Key Laboratory of Bioactive Substances and Resources Utilization of Chinese Herbal Medicine, Ministry of Education, Institute of Medicinal Plant Development, Peking Union Medical College and Chinese Academy of Medical Sciences, Beijing 100193, PR China.
Key Laboratory of Bioactive Substances and Resources Utilization of Chinese Herbal Medicine, Ministry of Education, Institute of Medicinal Plant Development, Peking Union Medical College and Chinese Academy of Medical Sciences, Beijing 100193, PR China.

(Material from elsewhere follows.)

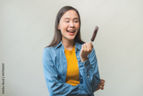 Cheerful, happy positive asian woman wearing casual with brunette hair, enjoy eating delicious popsicle, cute girl holding cold dessert, lolly frozen stick with chocolate tasty ice cream on background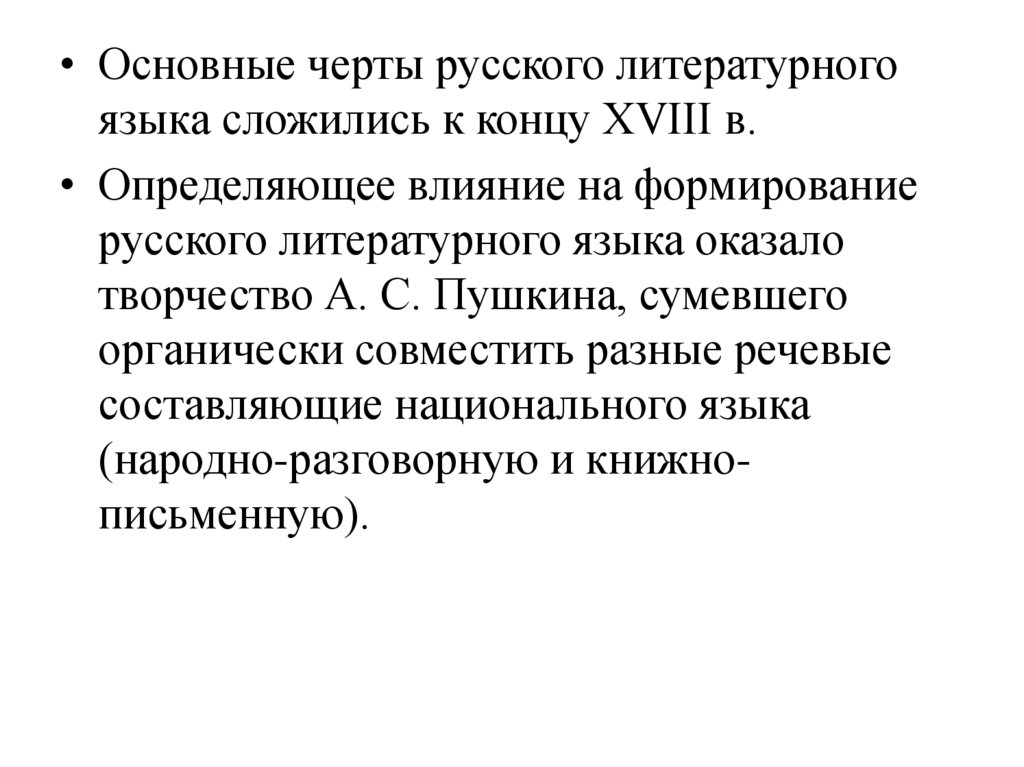 • Основные черты русского литературногоязыка сложились к концу XVIII в.

Fitoterapia. 2022 Sep;161:105251. doi: 10.1016/j.fitote.2022.105251. Epub 2022 Jul 6.
Three novel geranylhydroquinone derived meroterpenoids, named clavilactones J and K (1-2) and clavipol C (3), were isolated from the basidiomycete Clitocybe clavipes. Their structures were unambiguously identified by extensive spectroscopic data analysis, and the electronic circular dichroism (ECD) calculation, Gauge-Including Atomic Orbitals (GIAO) NMR calculations and Mo(OAc)-induced electronic circular dichroism experiments were used to establish their absolute configurations. Compound 1, with two epoxy groups located at the 10-membered carbocycle, is uncommon in the reported meroterpenoids from C. clavipes. All the obtained compounds (1-3) were tested for their cytotoxic activity against human tumor cell line HGC-27 by using the MTT assay. All the compounds exhibited moderate cytotoxic activities against HGC-27 cell with IC values ranging from 33.5 to 56.6 μM.
三种新型的香叶基氢醌衍生的混合萜类化合物,命名为clavilactones J 和 K(1-2)和clavipol C(3),从担子菌 Clitocybe clavipes 中分离得到。通过广泛的光谱数据分析以及电子圆二色性(ECD)计算、Gauge-Including Atomic Orbitals(GIAO)NMR 计算和 Mo(OAc)-诱导的电子圆二色性实验,确定了它们的绝对构型。化合物 1 具有两个环氧基团位于 10 元碳环上,在从 C. clavipes 中报道的混合萜类化合物中并不常见。所有获得的化合物(1-3)均通过 MTT 法测试对人肿瘤细胞系 HGC-27 的细胞毒性。所有化合物对 HGC-27 细胞均显示出中等的细胞毒性活性,IC 值范围为 33.5 至 56.6 μM。